Many contemporary data processing systems consume and/or produce vast quantities of data. Electromechanical devices such as hard disk drives are often used to store this data during processing or for later review. The mechanical nature of many types of mass storage devices limits their speed to a fraction of the system's potential processing speed, so measures must be taken to ameliorate the effects of slow storage.

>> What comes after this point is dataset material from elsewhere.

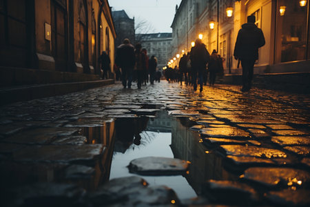 People walking on the street at evening

Mass storage devices are commonly viewed as providing a series of addressable locations in which data can be stored. Some devices (such as tape drives) permit storage locations to be accessed in sequential order, while other devices (such as hard disks) permit random access. Each addressable storage location can usually hold several data bytes; such a location is called a “block.” Common block sizes are 512 bytes, 1024 bytes and 4096 bytes, though other sizes may also be encountered. A “mass storage device” may be constructed from a number of individual devices operated together to give the impression of a single device with certain desirable characteristics. For example, a Redundant Array of Independent Disks (“RAID array”) may contain two or more hard disks with data spread among them to obtain increased transfer speed, improved fault tolerance or simply increased storage capacity. The placement of data (and calculation and storage of error detection and correction information) on various devices in a RAID array may be managed by hardware and/or software.
Occasionally, the entire capacity of a storage device is dedicated to holding a single data object, but more often a set of interrelated data structures called a “filesystem” is used to divide the storage available among a plurality of data files. Filesystems usually provide a hierarchical directory structure to organize the files on the storage device. Note that a file in a filesystem is basically a sequence of stored bytes, so it can be treated identically to a mass storage device for many purposes. For example, a second filesystem can be created in a file on a first filesystem. The second filesystem can be used to divide the storage space of the file among a plurality of data files, all of which reside within the file on the first filesystem. Such nested filesystems can be constructed to an arbitrary depth, although depths exceeding one or two levels are not particularly useful. A file that contains a nested filesystem is called a “container file.”
The logic and procedures used to maintain a filesystem (including its files and directories) within storage provided by an underlying mass storage device or container file can have a profound effect on data storage operation speed. This, in turn, can affect the speed of processing operations that read and write data in files. Thus, filesystem optimizations can improve overall system performance.
Read reallocation is a technique that can improve a storage system's performance on large sequential reads. When a read request calls for many data blocks to be copied from a mass storage device into system memory, the read may proceed faster if the data blocks are located physically near one another and/or in sequential order on the storage device. Prior-art systems recognize the benefit of read reallocation, under the rubric of file defragmentation. FIG. 2A shows how data blocks 210-240 may be arranged on a storage device 200. Blocks labeled 210 are unused, while blocks 220, 230, 240 and 250 contain data in a file. When the data blocks of a file are separated and/or stored out-of-order, as shown in FIG. 2A, the file is said to be “fragmented.” A process that reads the file might cause the storage system to perform four separate read operations to obtain the contents of data blocks 220-250. However, if the file is defragmented by moving the contents of data blocks 220-250 around as shown in FIG. 2B, all the data blocks might be obtained in a single read operation. Even partial defragmentation, shown in FIG. 2C, may provide some benefit. Unfortunately, file defragmentation is a time-consuming process, as blocks must be located, read into memory, and then stored in more nearly sequential locations. If the storage device has little free capacity, it may be necessary to move many blocks from place to place to coalesce free areas. Furthermore, files that change or grow tend to become increasingly fragmented over time, necessitating repeated defragmentation operations.
Techniques to reduce fragmentation without explicit, time-consuming defragmentation cycles, may be useful in improving storage operations.